→ What to do
Within the entries below, output exactly the lines between the line containing "On click of" and the line containing "然後塗上第2層朱古力溶液,再放進雪櫃冷藏約5-10分鐘 3. 最後薄薄的塗上第3層朱古力溶液,放進雪櫃冷藏至凝固,備用", inclusive, and omit any picture.
........
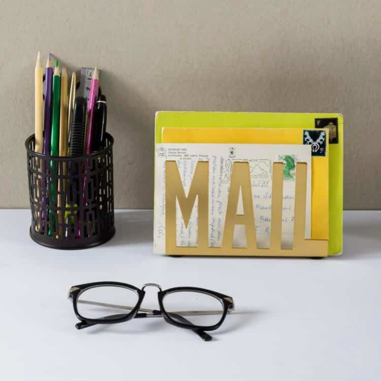 2. Freistehender Briefhalter für den Schreibtisch mit schwarzen Metallausschnitten für Rechtschreibung in einzigartigem Stil
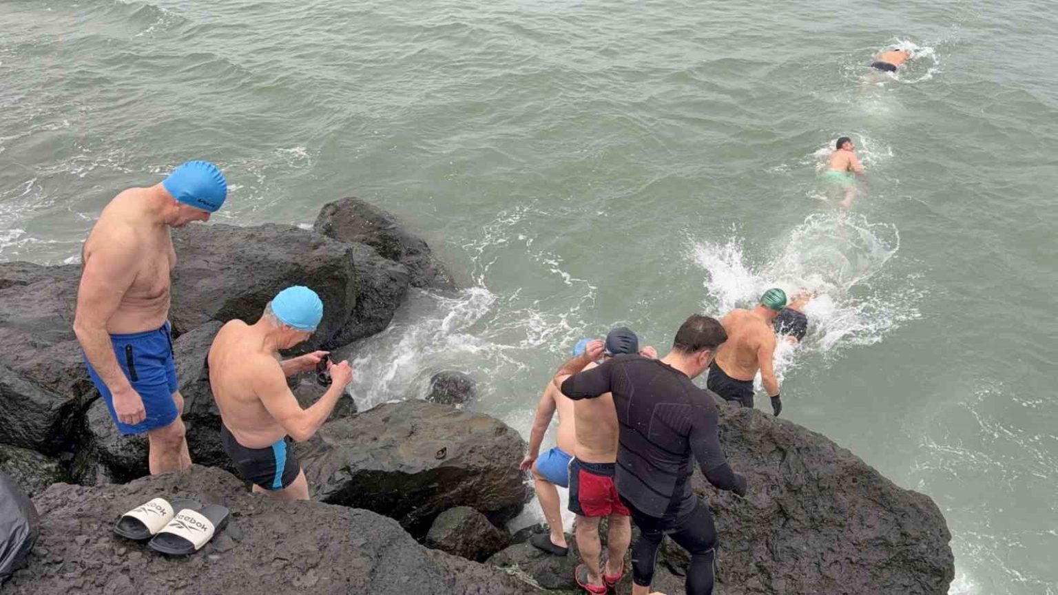 Samsun’da farklı yaş ve meslek gruplarından oluşan yaklaşık 10 kişilik bir arkadaş grubu, yeni yılın ilk gününde kar yağışı altında Karadeniz’in buz gibi sularında yüzerek unutulmaz bir deniz keyfi yaşadı.
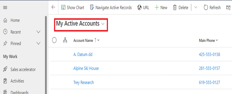 On click of “Navigate Active Record” button, we will navigate to “My Active Accounts” view
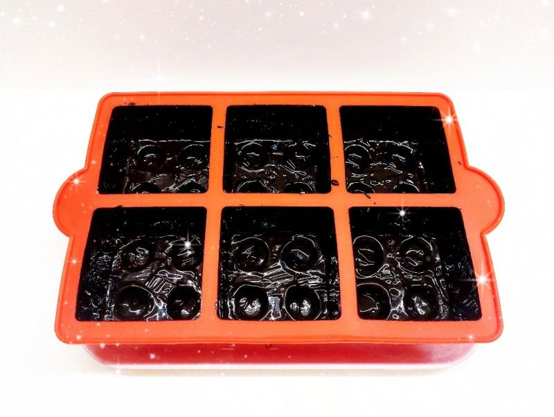 2先在模具均勻的塗上一層朱古力溶液,放進雪櫃冷藏約10-15分鐘至凝固(必需待完全凝固,才可再塗第2層) 2. 然後塗上第2層朱古力溶液,再放進雪櫃冷藏約5-10分鐘 3. 最後薄薄的塗上第3層朱古力溶液,放進雪櫃冷藏至凝固,備用
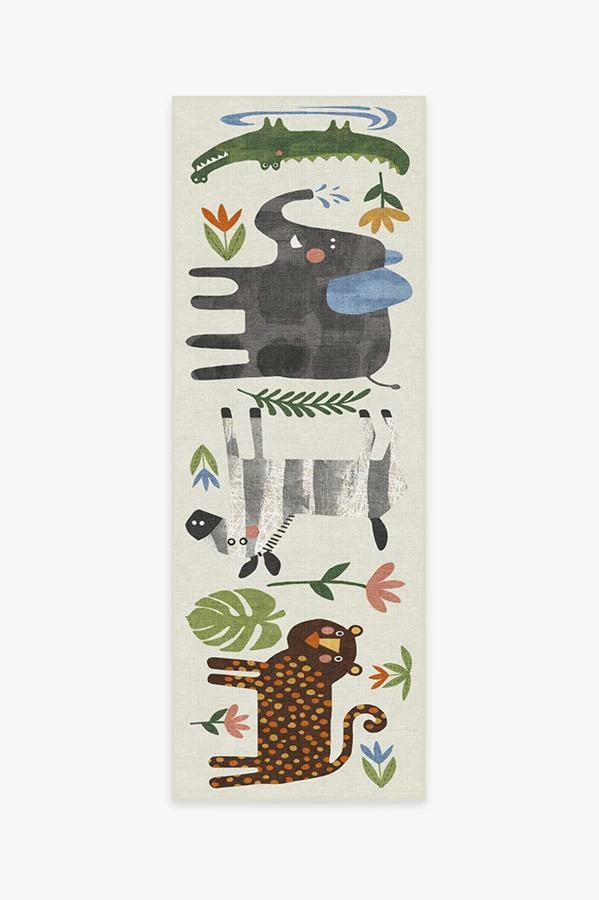 Little explorers will love this crew of critters on our Jungle Safari Multicolor Rug. Tinted in watercolor hues of blue, green, and yellow, this rug features cheerful animals ��� lion, zebra, giraffe, elephant, and crocodile ��� roaming among rubber trees, leaves, and flowers, adding a wildly whimsical touch to any child’s space.
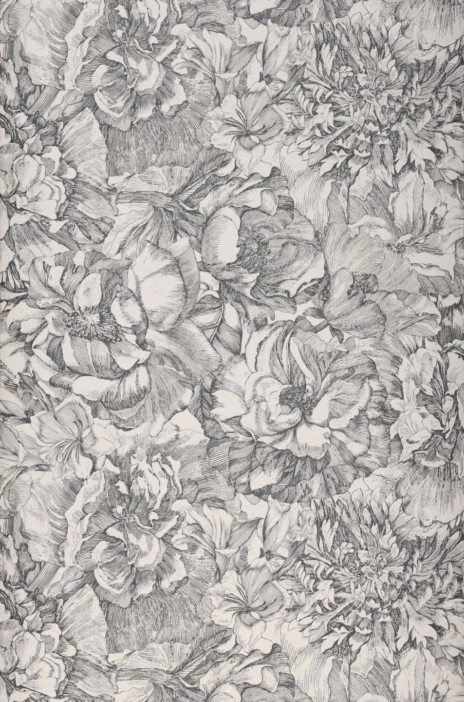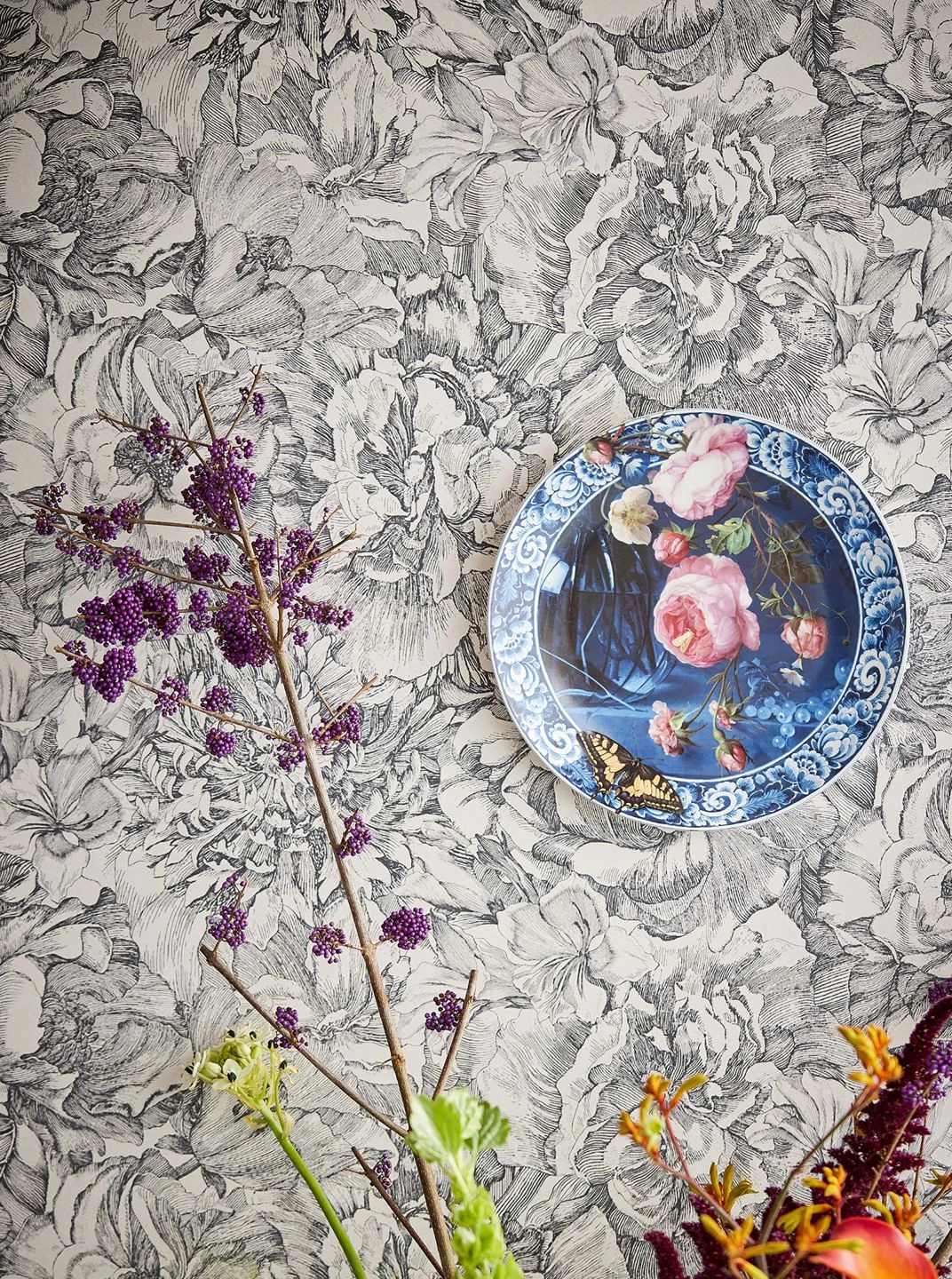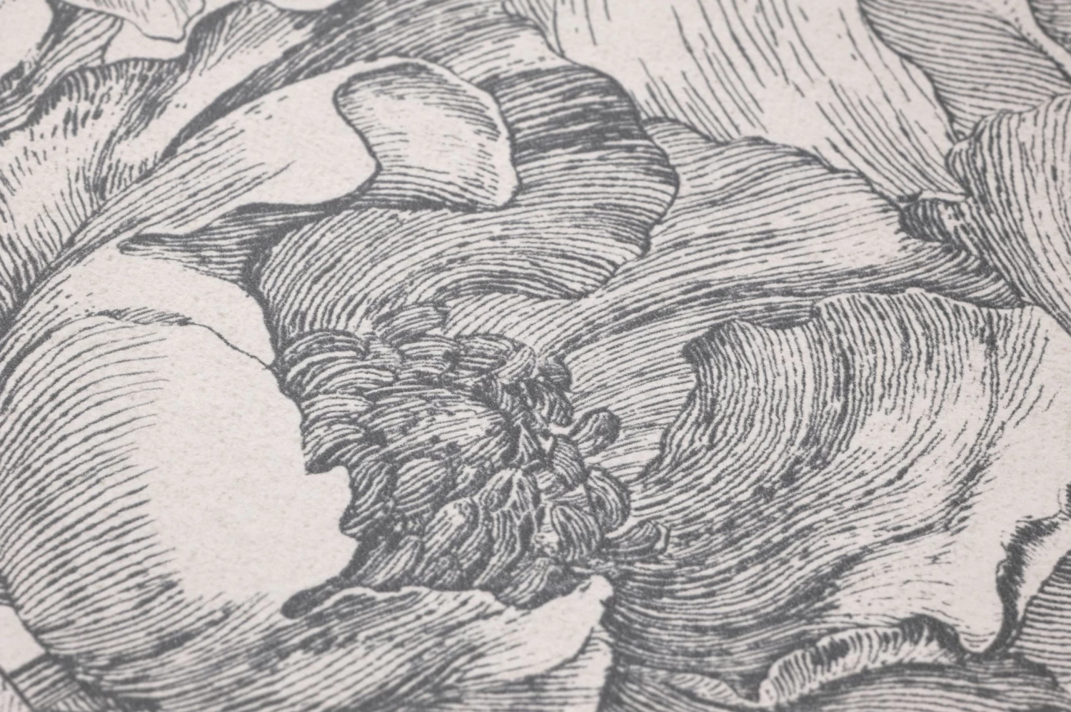 Ein faszinierendes Gesamtbild bilden die großen, ausladenden Blüten, die sich aus feinen Linien und Schraffuren in Basaltgrau zusammensetzen. So entsteht die Anmutung eines historischen Kupferstichs. Die phantastischen Formen, wie in Nahaufnahme dargestellt, geben Ihrem Raum einen bewegten Charakter, indem sie die glatte Wand aufzulösen scheinen. Louise lässt sich mit jeder gewünschten Farbe kombinieren, bietet aber auch einen wirkungsvollen Hintergrund für schwarze oder weiße Möbel.
........
→ Response box
 On click of “Navigate Active Record” button, we will navigate to “My Active Accounts” view
 2先在模具均勻的塗上一層朱古力溶液,放進雪櫃冷藏約10-15分鐘至凝固(必需待完全凝固,才可再塗第2層) 2. 然後塗上第2層朱古力溶液,再放進雪櫃冷藏約5-10分鐘 3. 最後薄薄的塗上第3層朱古力溶液,放進雪櫃冷藏至凝固,備用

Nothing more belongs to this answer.